Certes, il existe des ministres responsables en dernier ressort des grandes questions qui concernent le devenir de la Nation. Mais prenons-nous en main. Ne soyons pas attentistes. Notre Sénégal nous appartient. Il sera ce que nous voulons qu’il soit.

Et si nous retenions le meilleur de cette vie quasi monacale qu’a été le confinement ?! Avec le confinement, nous avons presque relevé le défi de la vie à la japonaise : être heureux et épanoui dans un espace réduit. Cultiver un attachement pour la famille, le groupe social. Combiner spiritualité et efficacité. Avoir le goût de l’effort. Etre animé de cet irrésistible besoin d’être le meilleur. Tout ceci avec un fort penchant pour l’organisation et la discipline.

N’est ce pas cela « apprendre à vivre avec le virus »?

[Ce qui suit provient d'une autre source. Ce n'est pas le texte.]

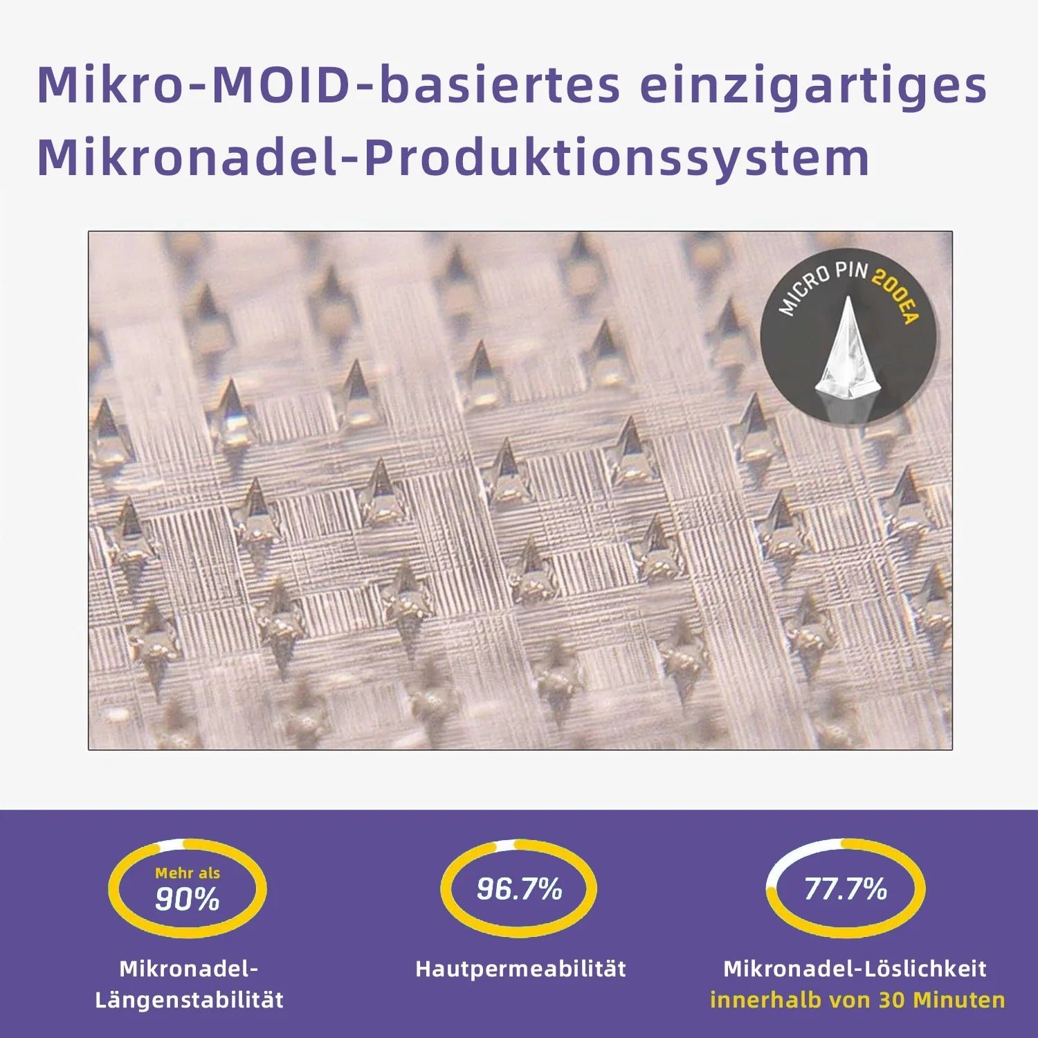 Each needle is 0.27 mm  long, just 1/7 the thickness of a hair ,  and contains  soluble medication .  These microneedles are precision-engineered using state-of-the-art manufacturing techniques to ensure a seamless, painless experience while effectively delivering active ingredients directly into the skin.

L’après Covid commande des comportements nouveaux. Plus de rationalité, plus de travail, plus de civisme. La foi qui déplace les montagnes. Il nous appartient de construire le pays dans lequel nous souhaitons que nos enfants, les prochaines générations, grandissent et s’épanouissent.

Le Sénégal c’est nous.

Et si on inventait demain ? Une autre manière de vivre, un monde avec plus d’amour, plus d’attention aux autres, plus de tolérance, de solidarité, moins de pollution. Un monde dans lequel chacun vit selon ses moyens.

Un monde dans lequel tous, quelle que soit leur condition, seraient heureux de vivre ?

Tout ceci en continuant d’avancer masqués…..

Puisqu’à cœur vaillant, rien d’impossible.